The HVAC system is used all year round in some capacity: the furnace is often working over the winter months to warm a cool home, whereas the air conditioner unit does most of its work keeping you cool in the summer. If there is a fault with either of these, or the ventilation within the home is blocked, then further problems arise. If the AC unit isn’t keeping the air dry, then the furnace has to work harder to warm the air and the moisture within. If the furnace has a problem then the air conditioner, (particularly if it is an older air conditioner unit which doesn’t have the heat pump installed) is going to be circulating cool air only, which also fails to dry out the air. Either way, an increase in moisture is terrible for your home’s health, your physical health, and the health of your energy savings, which you may as well forget about as an old appliance costs more in both energy and money to run.

So, as you can see, it’s a good idea to keep on top of your appliances. You can never be specific about how old an appliance is, particularly if it was already in the home when you moved in.
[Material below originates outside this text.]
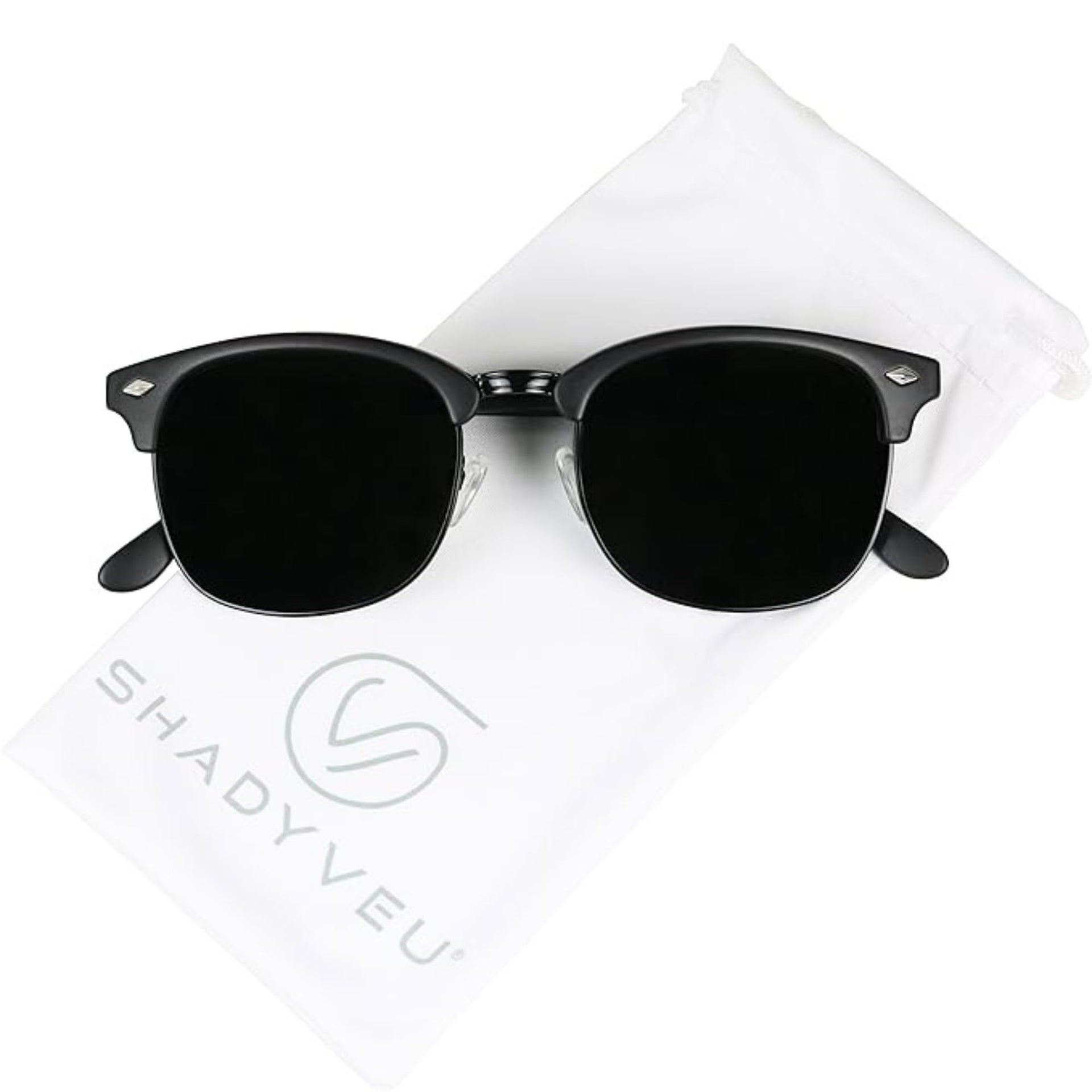 A truly exclusive eyewear style that only comes from ShadyVEU's line of exquisite eyewear. Relive the classic with our vintage style, half rimmed sunglasses. They're sleek and classy, and is definitely a must have accessory. These semi rim 60's inspired sunnies feature Super dark lenses sunglasses. And when we say super dark, we mean Super dark. Great for extra sunny days, migraines and even cataract surgery post op. Equipped with comfort english nose pieces and 100% UVA and UVB polycarbonate lenses.

You can ask the previous tenants or the landlord, but if you are a homeowner then this may not be very practical. You can be a little more general, however, when it comes to determining their age. Most air conditioners last for about 10 to 15 years with decent upkeep, and potentially longer if they are very well maintained, but modern air conditioners have extra features (like the afore-mentioned heat pump) that take the pressure off other HVAC systems.

Out With The Old

If you have realized that the energy bills are increasing, the indoor air is humid, or is too chilly, or have started to smell damp and see mold on the walls, then it’s a good indication that the relationship between HVAC appliances has broken down. If you are going to replace any of them, start with the air conditioner. The versatility of newer models means that an air conditioner unit can be used to keep the air cool and dry in summer, and warm and dry in winter with the addition of a heat pump. It means that other appliances aren’t being stretched to overuse, and less energy is used overall. Just remember to keep on maintaining them new AC units, and keep them clean and shiny for your cooking show debut!